Mari Jadikan Segalanya Lebih Mudah Lagi
   Oleh karena itu ketika seseorang menginginkan pahala di sisi Allah atas apa yang ia kerjakan maka hendaklah ia mengerjakan amal shaleh tersebut dengan penuh keikhlasan dan tidak mencampurinya dengan segala bentuk penyekutuan kepada seorang pun selain daripada-Nya.
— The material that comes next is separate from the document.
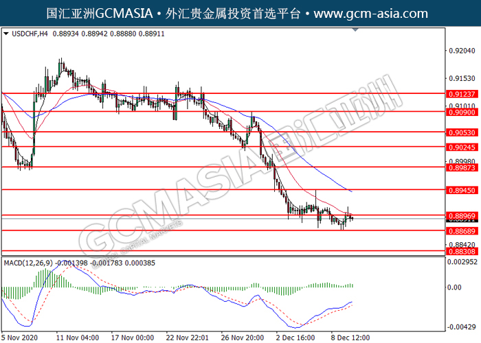 20201210 USDCHF-午间 by keyk | Dec 10, 2020 | 美元兑瑞士法郎 | 0 comments GCMAsia-USDCHF USDCHF 2020-12-10 USDCHF,H4:美瑞高位承压后回落。MACD动能持续略减,短期可关注空头为主。上方关注0.8895压力和0.8945压力,下方关注0.8870支撑和0.8830支撑。

   Seorang arif menyebutkan bahwasannya terdapat tujuh perkara yang mana bila perkara tersebut tidak disertai dengan tujuh perkara yang lain, maka apa yang dikerjakan hanyalah sebuah kesia-siaan belaka, tanpa ada kemanfaatan sedikit pun yang dapat ia ambil darinya, adapun tujuh perkara tersebut adalah:
1.      Seseorang yang mengaku takut kepada Allah akan tetapi ia tidak mau meninggalkan perbuatan-perbuatan dosa, maka tidaklah takut yang demikian itu, melainkan hanyalah sebuah tipuan belaka, dimana ia tidak akan dapat mengambil manfaat dari takutnya tersebut, melainkan hanya kesia-siaan belaka.
Al-Matjar Raabih


2.      Seseorang yang berharap mendapatkan pahala dari Allah SWT akan tetapi dirinya enggan berusaha dan beribadah kepada-Nya, maka sungguh pengharapan yang demikian adalah tidak dapat memberi manfaat sedikit pun bagi dirinya.
3.      Niat untuk melakukan kebaikan kepada Allah SWT akan tetapi tidak direalisasikan dalam perbuatan/kenyataan, maka niat (kata hati) yang demikian tidak memberi manfaat bagi dirinya.
4.      Seseorang yang berdoa kepada Allah akan tetapi tidak disertai dengan usaha secara lahiriyah, maka doa yang demikian tidaklah dapat memberi manfaat bagi dirinya. Sebab kesungguh-sungguhan di dalam berdoa adalah berarti bersungguh-sungguh pula di dalam bentuk amaliyahnya, dan disinilah Allah SWT akan memberi petunjuk kepadanya. Hal ini sebagaimana firman Allah SWT: “Dan orang-orang yang bersungguh-sungguh di dalam (mencari keridhaan) Kami, niscaya Kami akan memberi petunjuk kepada mereka (menuju) jalan-jalan Kami dan sesungguhnya Allah benar-benar bersama orang-orang yang berbuat baik”.
Tuhfatul Arusy

5.      Seseorang yang memohon ampun kepada Allah akan tetapi tidak menyesali dosa-dosa yang telah dilakukan olehnya, maka tidaklah permohonan yang ia lakukan, melainkan hanya sebatas di lisan saja, tanpa ada kesungguhan di hati penyesalan yang sebenar-benarnya.
6.      Seseorang yang berbuat kebaikan dalam bentuk lahirnya (yang tampak) akan tetapi ketika orang tidak melihat atau memperhatikannya ia mengerjakannya dengan tidak baik, maka perbuatan yang demikian hanyalah cermin dari kepura-puraan belaka, sehingga hal itu tidak membawa kebaikan sedikit pun bagi dirinya.

7.      Seseorang yang bersungguh-sungguh di dalam beramal, akan tetapi ia tidak ikhlas karena Allah  SWT semata.